Im Südwesten 156.000 Euro für VdK-Fluthilfe gesammelt

Die schreckliche Flutkatastrophe in Rheinland-Pfalz und Nordrhein-Westfalen vom Juli 2021 kostete mehr als 180 Menschen das Leben und zerstörte ganze Ortsteile. Viele verloren ihr Hab und Gut. Auch der Sozialverband VdK war in beiden Bundesländern sehr schwer betroffen – beispielsweise durch verwüstete Beratungsstellen. Mit seiner Aktion „VdK-Fluthilfe“ begann der Sozialverband VdK Baden-Württemberg e. V. noch im Juli, Spenden für die Opfer zu sammeln. An der landesweiten Aktion beteiligten sich viele Mitglieder, ehrenamtlich Aktive und Freunde des VdK sowie VdK-Orts-, Kreis-, Bezirksverbände und der Landesverband in Stuttgart. So kamen beachtliche 156.000 Euro an Spendengeldern zusammen – wofür wir allen Spenderinnen und Spendern sehr herzlich danken. Unser Dank gebührt gerade auch den vielen ehrenamtlich aktiven Menschen, die monatelang engagiert für die VdK-Fluthilfe geworben haben.

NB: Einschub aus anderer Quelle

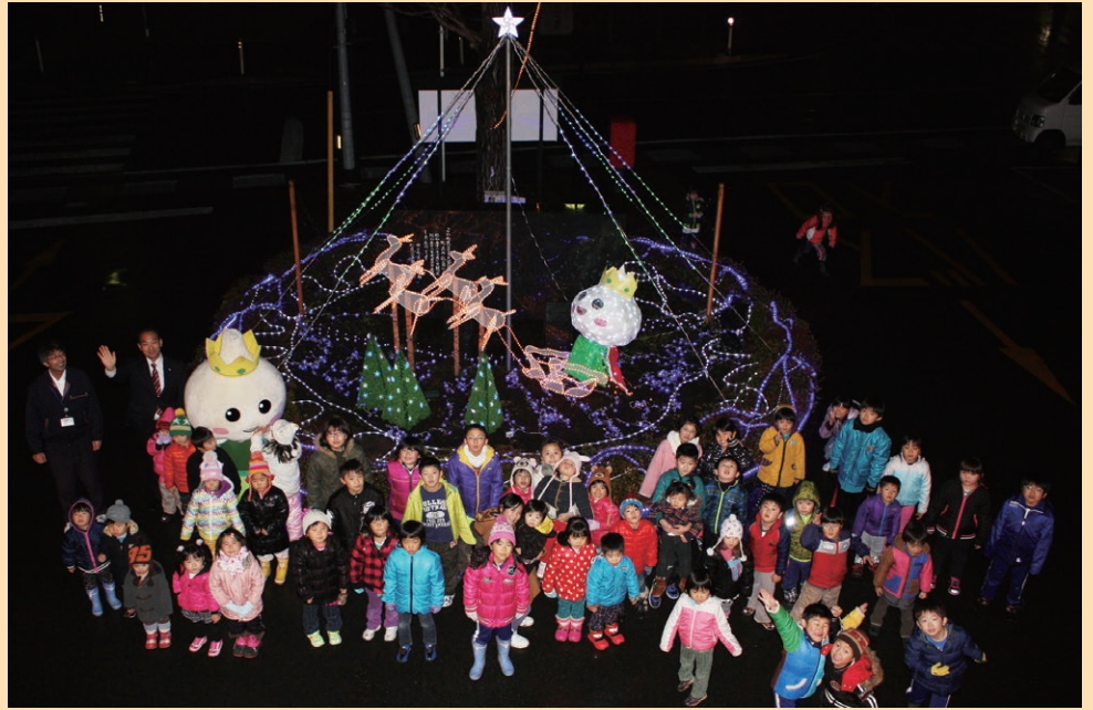
↑イルミネーションの前で 記念撮影

また、役場前の他にも、町内には各家庭で設置したイルミネーションが夜の町を明るく照らし、クリスマスムードを盛り上げていただいております。

VdK-Webseminare – erste Termine in 2022

Ob Erwerbsminderungsrente, Arbeitslosengeld I und ALG II, Grad der Behinderung, Patientenverfügung oder auch „Individuelle Gesundheitsleistungen“ (IGeL) – die Themenpalette der Webseminare, die der Sozialverband VdK Baden-Württemberg anbietet, ist lang und vielfältig. Im Rahmen einer interessanten Stunde geben VdK-Patientenberaterinnen und einer der VdK-Juristen einen guten Überblick über Sozialrechts-, Patienten- und Vorsorgefragen. Am 19. Januar 2022 (11 – 12 Uhr) steht die EM-Rente auf dem Programm. Am 26. Januar (10 – 11 Uhr) kommen die Patienten- und die Betreuungsverfügung sowie die Vorsorgevollmacht dran. Am 9. Februar (11 – 12 Uhr) dreht sich alles um ALG I und ALG II, ehe sich das VdK-Webseminar am 23. Februar (10 – 11 Uhr) den IGeL widmet. Der Grad der Behinderung und dessen Beantragung kommen am 9. März (11 – 12 Uhr) auf die Agenda. Dieses VdK-Online-Angebot ist auch in 2022 kostenlos, die Teilnehmerzahl begrenzt. Daher ist eine schnelle Anmeldung unter www.vdk-bw.de (Rubrik Angebote/ Webseminare) erforderlich. Auf der Homepage des VdK-Landesverbands finden sich noch weitere Termine.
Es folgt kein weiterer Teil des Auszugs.